Ceph pool有两种保护数据冗余机制,即纠删码(erasure code,简称ec)和复制集(replicated,简称rc)
Ceph pool要保证部分osd损坏时数据不丢失(一般情况下一个disk设置为一个osd);默认情况下创建pool时rule类型选择replicated,即object在多个disk中拷贝保存;pool的另一种rule类型是erasure,这种pool可以节省空间;
纠删码原理
比如 K=3 M=2 K+M=5
这个意思是:
K原始数据盘个数或恢复数据需要的磁盘个数
M校验盘个数或允许出故障的盘个数
使用编码算法,通过K个原始数据生成K+M个新数据
通过任何K个新数据都能还原出原始的K个数据
即允许M个数据盘出故障,数据仍然不会丢失;
参考文档: 浅谈Ceph纠删码_niuanxins的专栏-CSDN博客_ceph 纠删码
我们需要使用rbd作为k8s后端存储,但默认情况下,纠删存储池只能比较好的支持rgw。从L版本开始,纠删存储池支持开启allow_ec_overwrites属性,从而使得纠删存储池可以作为rbd或者cephfs的数据池。支持rbd需要有如下几个条件:
版本大于等于L ceph --version
开启allow_ec_overwrites ceph osd pool set ec_pool allow_ec_overwrites true
bluestore存储引擎
方法 ceph daemon osd.0 config show | grep osd_objectstore
纠删存储池不支持omap,需要一个副本存储池存储块设备的元数据等信息。该副本存储池可以初始化为rbd应用,
在rc池创建image,指定–data-pool为ec池
参考文档: ceph 之 纠删码操作
ceph osd erasure-code-profile ls
ceph osd erasure-code-profile get default
ceph osd erasure-code-profile rm
ceph osd erasure-code-profile set hdd-3-2 k=3 m=2 crush-device-class=hdd
可用的选项有:
ceph osd crush rule create-erasure default default
ceph osd crush rule dump default
创建一个使用纠删码规则default的pool
ceph osd pool create ec 128 128 default default
语法: osd pool create
尽管crush rule 也是根据erasure_code_profile来创建的,但是这里创建纠删码pool的时候,还是需要明确指定erasure_code_profile的
注:pg数量系统不能自动识别,必须根据系统环境计算后指定,计算方法网上较多,自行百度谷歌
由于纠删码池不支持存储omap类型数据,但rbd image的元数据是基于rados的omap实现,所以纠删码池无法创建rbd image,必须创建一个复制集池存放image元数据
如上图报错所示,纠删码池不支持创建image镜像
ceph osd pool set ec 1
目前,这个fast_read 之针对纠删码池有效的
ceph osd pool set ec allow_ec_overwrites true
ceph osd pool create rc 128
ceph health detail
可以看到有告警,这是因为未设置池子应用类型所致,我们可以将他们均设置为rbd
ceph osd pool application enable ec rbd
ceph osd pool application enable rc rbd
ceph health detail
ceph auth get-or-create client.kubernetes-ec mon 'allow r' osd 'allow rwx pool=ec, allow rwx pool=rc' -o /etc/ceph/ceph.client.kubernetes-ec.keyring
ceph auth get client.kubernetes-ec
前置条件:已经安装ceph-rbd-csi,安装步骤请见我的第一篇文档 KubeSphere使用rbd-csi创建快照
ceph auth get client.kubernetes-ec
[root@ceph01 ~]# ceph auth get client.kubernetes-ec
exported keyring for client.kubernetes-ec
[client.kubernetes-ec]
key = AQDyPatgdw0UGRAA3Kkg3uvH9pYr0Epa3TV3rw==
caps mon = "allow r"
caps osd = "allow rwx pool=ec, allow rwx pool=rc"
---
apiVersion: v1
kind: Secret
metadata:
name: csi-rbd-ec-secret
namespace: kube-system
stringData:
# Key values correspond to a user name and its key, as defined in the
# ceph cluster. User ID should have required access to the 'pool'
# specified in the storage class
userID: kubernetes-ec # ceph用户
userKey: AQDyPatgdw0UGRAA3Kkg3uvH9pYr0Epa3TV3rw== # 上一步中的key
# Encryption passphrase
# encryptionPassphrase: test_passphrase
kubectl apply -f secret.yaml
---
apiVersion: storage.k8s.io/v1
kind: StorageClass
metadata:
name: csi-rbd-ec-sc
annotations:
storageclass.kubernetes.io/is-default-class: "true"

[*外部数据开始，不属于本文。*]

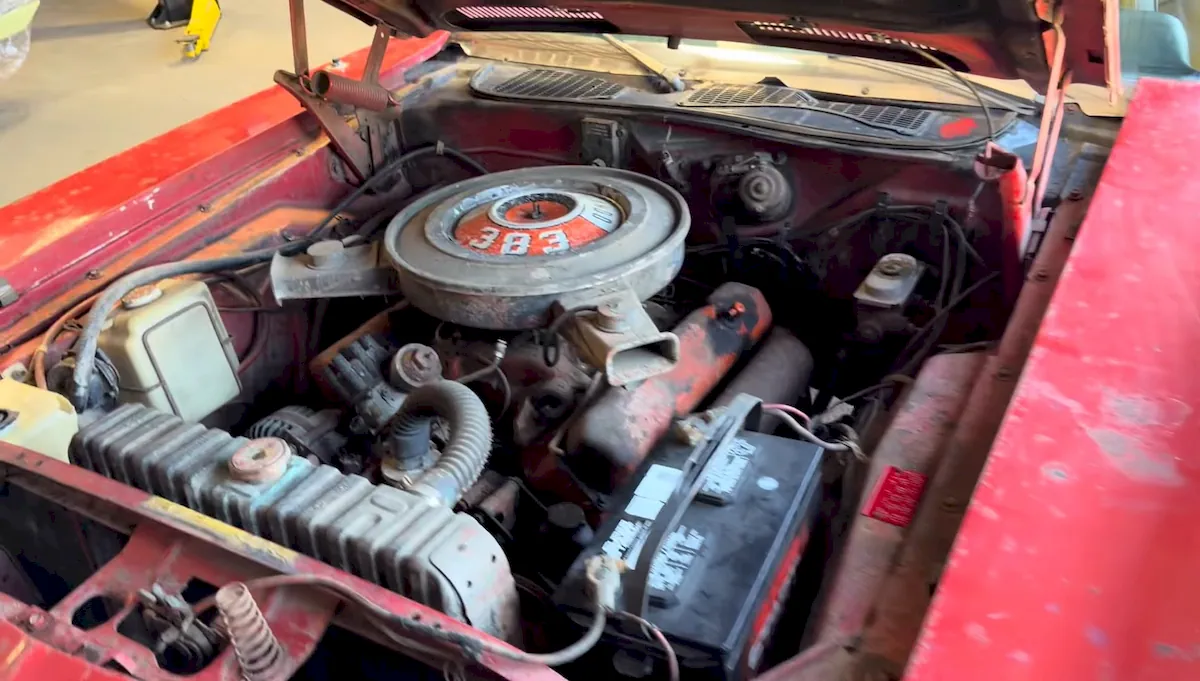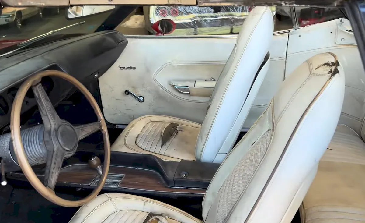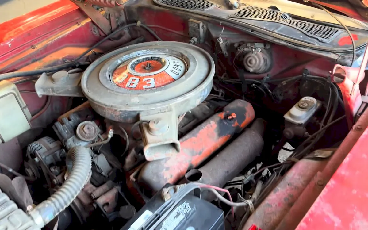 The original engine is still in place under the hood and doesn’t appear to have ever been pulled. The video doesn’t show the V8 running, so it’s safe to assume it doesn’t start at the moment. Hopefully, the engine isn’t seized after spending decades without fuel.
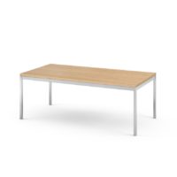 As skyscrapers rose up across America during the post-war boom, Florence Knoll saw it as her job to translate the vocabulary and rationale of the modern exterior to the interior space of the corporate office. Thus, unlike Saarinen and Bertoia, her designs were architectural in foundation, not sculptural. She scaled down the rhythm and details of modern architecture while humanizing them through color and texture. Her occasional table collection, designed in 1954 to complement her eponymous lounge collection, is a perfect example of her restrained, geometric approach to furniture, clearly derived from her favorite mentor, Mies van der Rohe.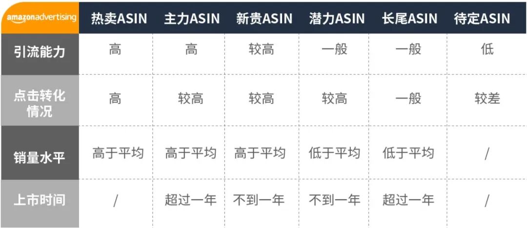 根据引流能力、点击转化情况和销量水平,你可将满足基本资格的ASIN按以下表格进行分类。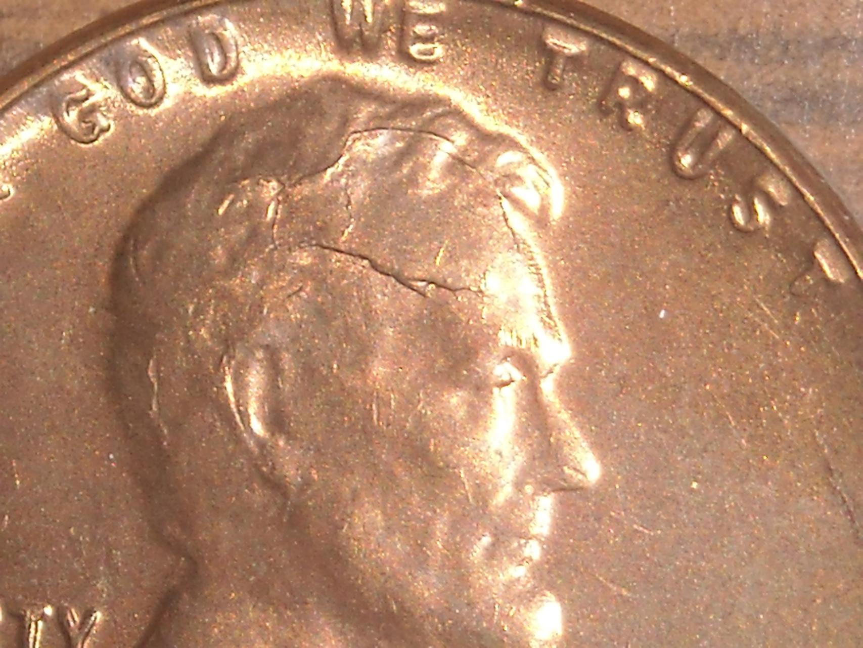no cuds but looks like die breaks the wheats . hmm i see the people on ebay selling these , "cracked skull lincoln rare!"

storageclass.kubesphere.io/support-snapshot: 'true' # 必须置位true,否则 Kubesphere不支持创建快照
storageclass.kubesphere.io/supported-access-modes: '["ReadWriteOnce"]'
provisioner: rbd.csi.ceph.com
# If topology based provisioning is desired, delayed provisioning of
# PV is required and is enabled using the following attribute
# For further information read TODO
# volumeBindingMode: WaitForFirstConsumer
parameters:
# (required) String representing a Ceph cluster to provision storage from.
# Should be unique across all Ceph clusters in use for provisioning,
# cannot be greater than 36 bytes in length, and should remain immutable for
# the lifetime of the StorageClass in use.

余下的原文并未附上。